Very helpful! Thanks!


The code indeed makes perfectly sense:

Could it perhaps be that all the checks the code does, before adding it to the NewOrder-database at the bottom of the function, are too slow? That, when two orders are requested fast enough, the first isn’t added to the database quickly enough, so both NewOrder()-functions are running simultaneously?


@cpu I studied the call stack carefully and discovered that the duplicate calls to new-order are somewhat intentional in the client lib I am using ( Since I am using http-01 authorization, I must explicitly request this authorization type prior to requesting a new order. But requesting authorization creates a new-order as well.

I am going to test a different method of requesting the authorization which will result in only one call to new-order. I mention it here in case anyone encounters this issue in the future.


Hi @rokclimb15,

I’m sorry, that doesn’t make much sense to me. The ACME protocol doesn’t have the client choose a challenge type by explicitly requesting it. You always just follow the same process:

  1. The client asks the server to create a new order for a set of identifiers
  2. The server responds with an order. The order has URLs for an authorization for each identifier. Each authorization has some challenges.
  3. The client picks one challenge for each identifier authorization and proceeds.
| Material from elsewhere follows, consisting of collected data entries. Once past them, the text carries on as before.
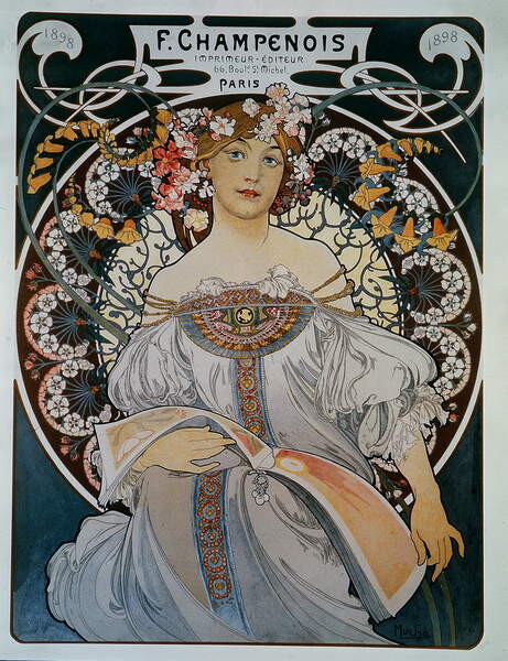 Advertising for the printer-publisher F. Champenois - by Mucha, 1898.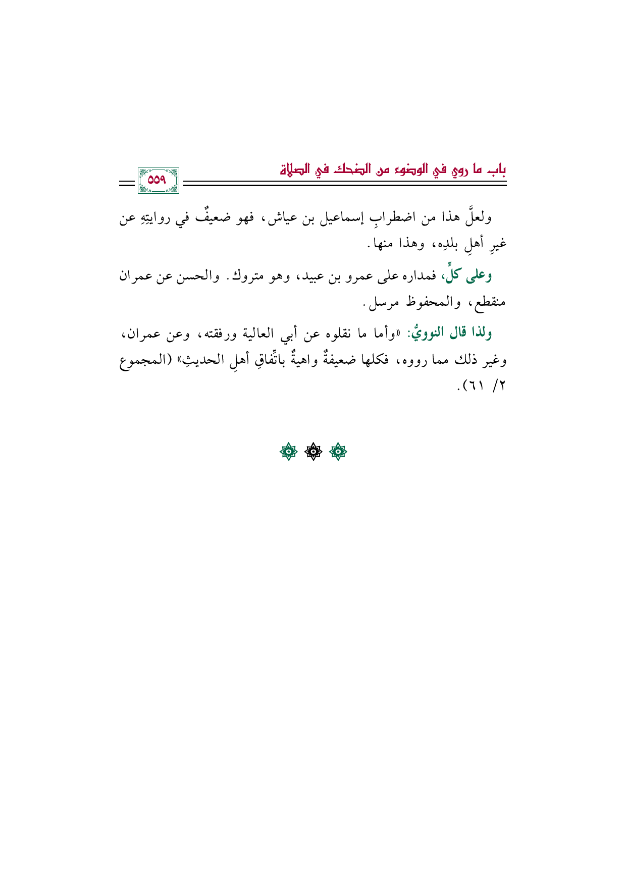 ولذا قال النوويُّ: "وأما ما نقلوه عن أبي العالية ورفقته، وعن عمران، وغير ذلك مما رووه، فكلها ضعيفةٌ واهيةٌ باتِّفاقِ أهلِ الحديثِ" (المجموع ٢/ ٦١).
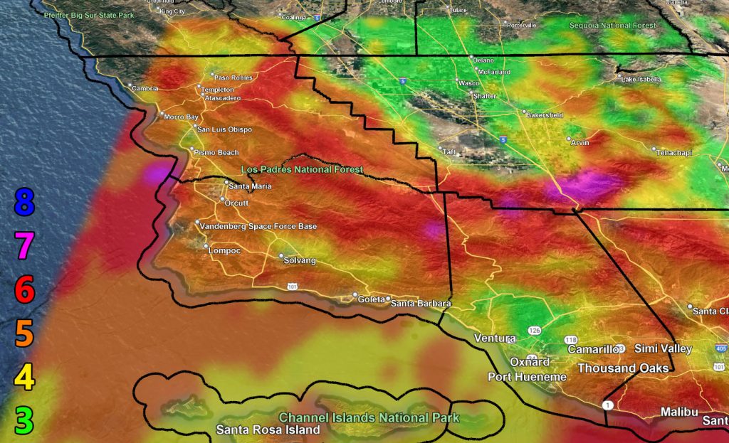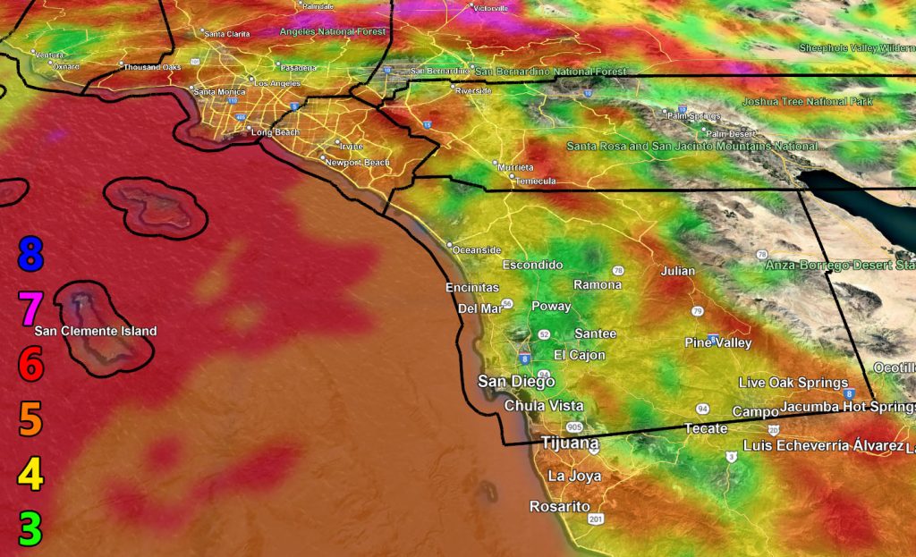 A powerful storm system that would be rated the highest category I have will enter the area later on Tuesday and go through Christmas Eve. Strong low-level flow will promote orographic lifting for flooding for the metro areas, along with strong southerly winds. Given this, parking near a tree would also be dangerous as the winds will topple trees, especially in the metro zones of Santa Barbara, Ventura, Los Angeles, Orange County, San Diego, and the Inland Empire.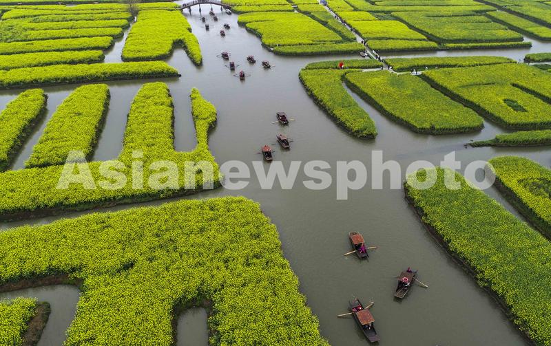 图片说明:2021年4月3日,游客在江苏泰州兴化市千垛景区乘船观看油菜花(无人机照片)。

Let’s Encrypt will always return a HTTP-01 challenge as part of step 2 unless the identifier is for a wildcard name. You don’t need to create two orders to pre-select HTTP-01 or anything of the sort.

It still feels like a bug to me but perhaps I’m misunderstanding why ACMEPHP is doing this.


Hi @cpu,

I would classify it more as an unintended side-effect of using the API client a certain way. It is possible to memoize the resulting order and use a call to finalize it. In that case, I just have to fetch the authorizations manually and find the one I want (http-01). In looking at the methods of the client alone, it seemed like less work and it wasn’t initially apparent that it would result in duplicate calls to new-order.

I suppose it could be an item for documentation clarification since there isn’t a single way to consume the LetsEncrypt ACME API with this client. It allows for some greater flexibility, and the ability to shoot yourself in the foot, as I have done here.


That makes sense! Thanks for the explanation.